ABSTRACT

While perhaps not as powerful as the translator to alter a text’s message, editors and reviewers still play a significant role in the way texts are received. Martineau and Eliot were aware of this power in their journalism, showing an insight into the materiality of language that is evident in the way they deal with literary texts. They were both also aware of the ‘roles of editor and readers in the formation of a literary career’,1 and manipulated this dynamic from all perspectives: author; editor; reader; reviewer. Martineau’s approach to dealing with editors created a precedent of collaboration, ‘transform[ing] authorship from a solitary to a social enterprise, from a matter of genius to a process of education and acculturation’.2 To varying degrees, Brontë, Martineau and Eliot entered into dialogues as editors, authors and reviewers, thus participating in a more professionalised literary context, as opposed to the reified idea of literary genius. Although Brontë in particular had adamantly held to the authority of creative genius while studying in Belgium (as well as in her defence of her own work in revising Jane Eyre), all three recognised the political contexts of literary production.
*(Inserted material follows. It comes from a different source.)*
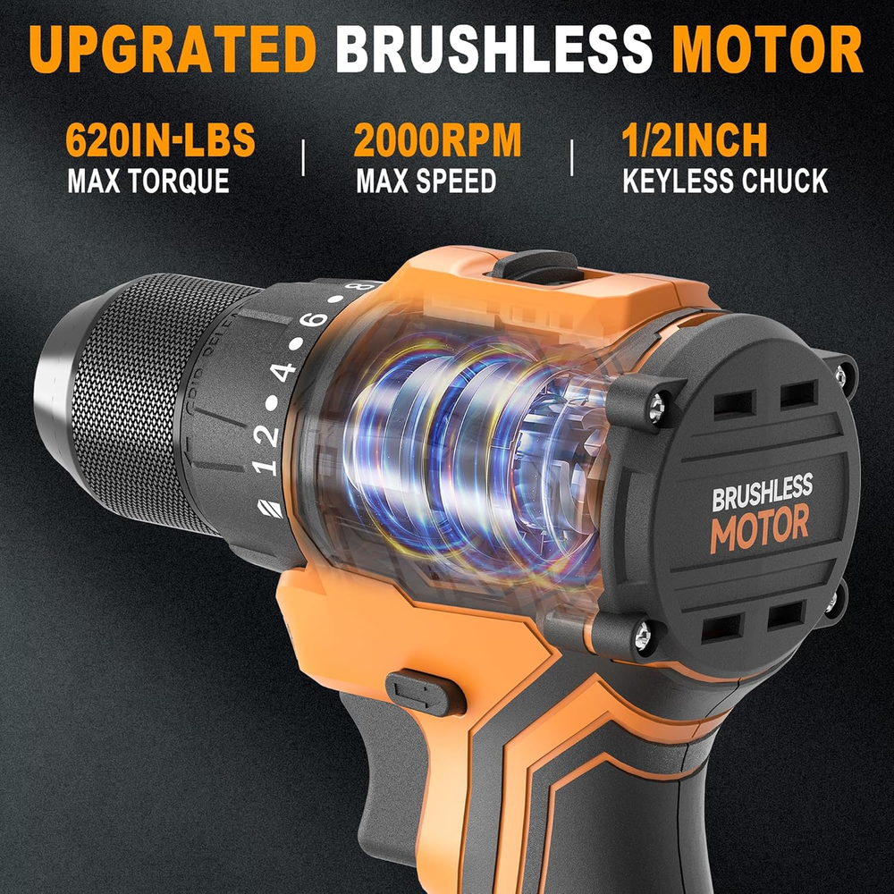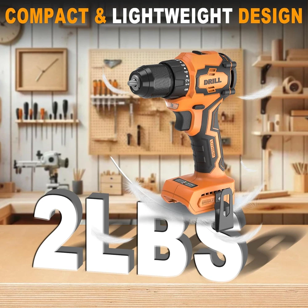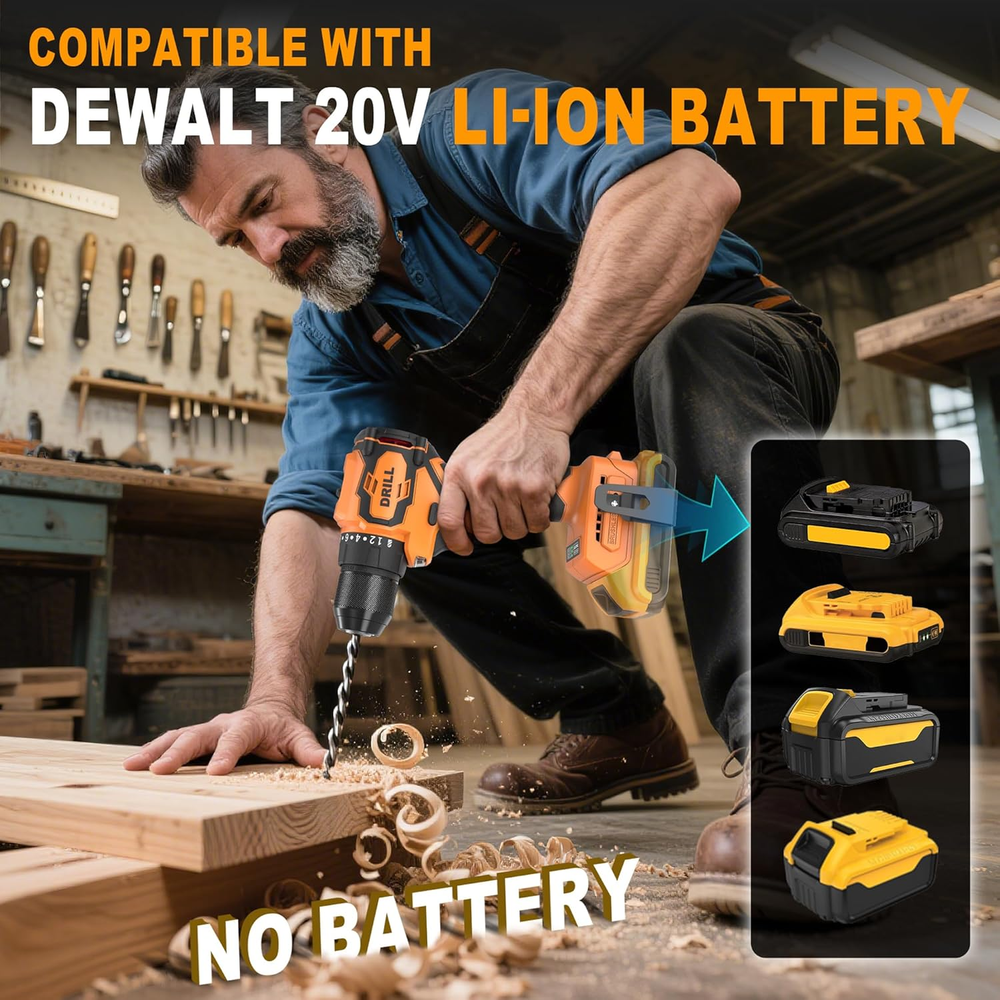 NOTE: Product color and logo may vary randomly due to inventory batch differences, but functionality and quality remain consistent. Rest assured! TIP: Cordless drill does π‘π’π§ ππ‘πππ¨ππ πππ§π§ππ₯π¬ ππ‘π ππππ₯πππ₯, π§π’π’π π’π‘ππ¬.. Compatible with DeWALT 20V MAX battery. POWERFUL BRUSHLESS MOTOR: Equipped with a high-efficiency brushless motor, the cordless drill delivers 620 In-lbs of torque and 2,000 RPM speed, ensuring precise performance in wood, metal, and delicate materials. COMPACT AND FLEXIBLE: The cordless drill adopts a compact design, making it nearly 15% smaller than similar models. Its lightweight and portable build allows easy operation in tight spaces, reduces operator fatigue, and enhances job site flexibility. 2 SPEEDS, WIDE APPLICATION: With a dual-speed configuration (0-500/0-2,000 RPM), the drill intelligently adapts to material needsβlow speed for controlled torque and high speed for rapid drillingβensuring tasks from delicate DIY crafts to rugged construction operate at their ideal pace. SAFETY ASSURED: The brushless drill integrates a high-brightness LED light to illuminate dark workspaces, improving visibility for safer operations and professional-grade precision. USER-FRIENDLY FEATURES: Designed for convenience, the drill includes a belt clip for easy carrying, a magnetic bit holder for secure tool retention, and a 1/2-inch chuck for quick bit changesβall enhancing your workflow efficiency. ERGONOMIC HANDLE: Ergonomically designed, the drillβs contoured handle minimizes hand strain during extended use, offering a comfortable grip for a more enjoyable working experience. Product Description

Indeed, Brontë’s growing awareness of the ‘insidious effect of the review on potential readers’ was what sparked her response to Elizabeth Rigby.3 While the dynamic between editor and author, like translator and author, tends to operate privately, the reviewer brings those tensions into the public forum, exposing the dialogue and adding a new critical level to the reception of the author’s work. The text becomes increasingly dialogic, losing to some degree its idealised connection to the original author.